An exact copy of the lines of the listing below between the "Runestone 是 Runes" line and the "反复出现口腔溃疡可采取以下综" line, both included, is the whole answer; please omit the pictures.

**Exercise data:**
* * * * * * *

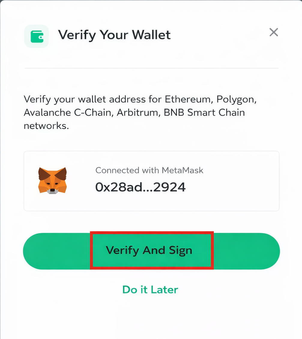 Step 6: Once you have connected your respective wallet, you will be asked to verify and sign to whitelist your blockchain address to your StraitsX account. From here, click on “Verify and Sign”. By doing so, your wallet will be automatically whitelisted for Ethereum, Polygon, Avalanche C-Chain, Arbitrum, and BNB Smart Chain networks simultaneously. You can also select "Do It Later" if you decide to link it later.
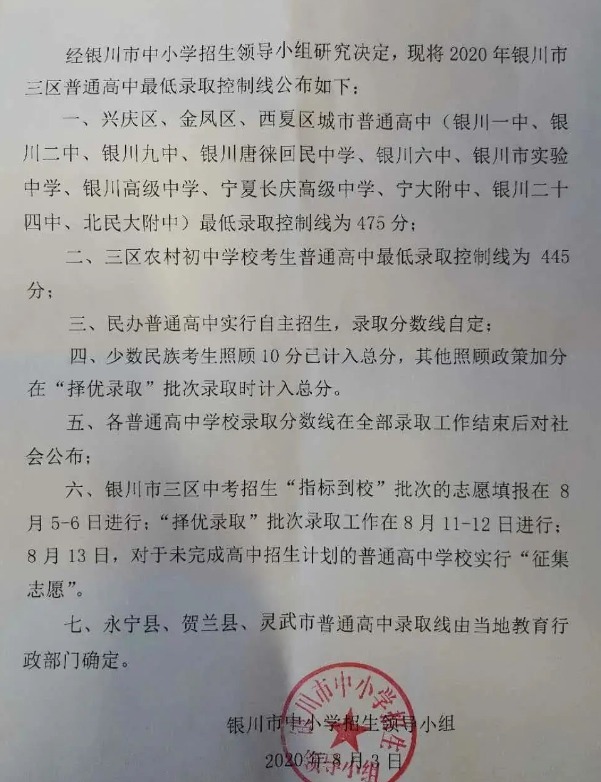 兴庆区、金凤区、西夏区城市普通高中最低录取控制线为475分;三区农村学校考生普通高中最低录取控制线为445分;民办普通高中实行自主招生,录取分数线自定。
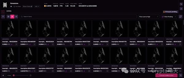 Runestone 是 Runes 协议上最早和最大的项目。受 Runes 协议即将启动以及空投预期,Runestone 地板价最近几日连续上涨,目前地板价达到 0.0923 BTC,市值达到 10340 BTC(约7.3亿美元)。
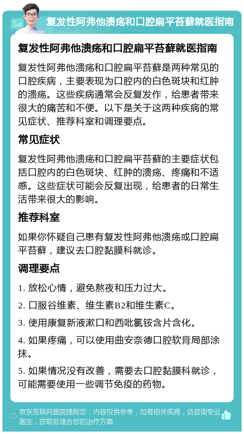 反复出现口腔溃疡可采取以下综合治疗措施一一般治疗需注重口腔卫生管理,每日使用软毛牙刷规范刷牙,餐后及时用淡盐水或清水漱口,避免使用尖锐餐具损伤黏膜饮食方面应严格限制辛辣过烫过硬食物摄入,减少对溃疡面的机械刺激同时需保持规律作息,避免熬夜导致免疫力下降,并通过运动冥想等方式缓解焦。
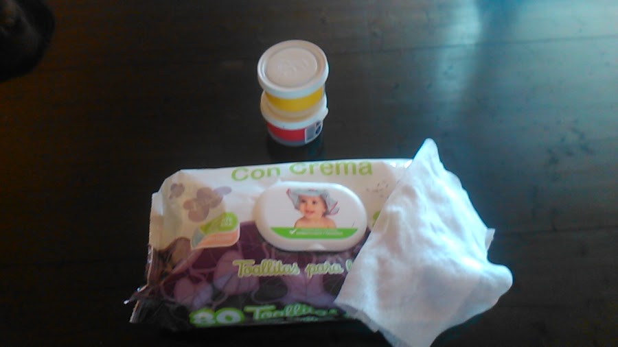 La siguiente cosa que vais a necesitar tener a mano son unas toallitas para poder limpiarles porque se mancharán bastante, y no solo las manos, por lo que realizando esta actividad no debéis dejarles solos si son niños pequeños si no queréis encontraros con alguna sorpresita desagradable por la casa.
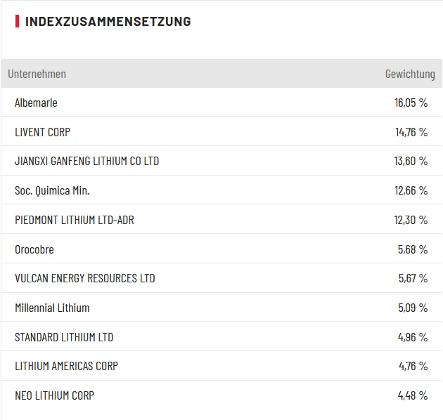 Den größten Index-Anteil macht das amerikanische Unternehmen Albemarle aus. Neben der Entwicklung und Herstellung von Spezialchemikalien besitzt das Unternehmen eine eigene Lithium-Sparte. Die zweithöchste Gewichtung hat der in Philadelphia ansässige Lithiumproduzent Livent. Das Unternehmen produziert Lithiumverbindungen einschließlich Lithiumhydroxid, die in Lithium-Ionen-Batterien verwendet werden. Ende März schloss der deutsche Autobauer BMW einen Mehrjahresvertrag über knapp 300 Millionen Euro mit dem US-Unternehmen ab. Neben BMW hat auch der amerikanische Auto-Gigant Tesla einen Liefervertrag mit Livent.

* * * * * * *

**Expected answer:**
 Runestone 是 Runes 协议上最早和最大的项目。受 Runes 协议即将启动以及空投预期,Runestone 地板价最近几日连续上涨,目前地板价达到 0.0923 BTC,市值达到 10340 BTC(约7.3亿美元)。
 反复出现口腔溃疡可采取以下综合治疗措施一一般治疗需注重口腔卫生管理,每日使用软毛牙刷规范刷牙,餐后及时用淡盐水或清水漱口,避免使用尖锐餐具损伤黏膜饮食方面应严格限制辛辣过烫过硬食物摄入,减少对溃疡面的机械刺激同时需保持规律作息,避免熬夜导致免疫力下降,并通过运动冥想等方式缓解焦。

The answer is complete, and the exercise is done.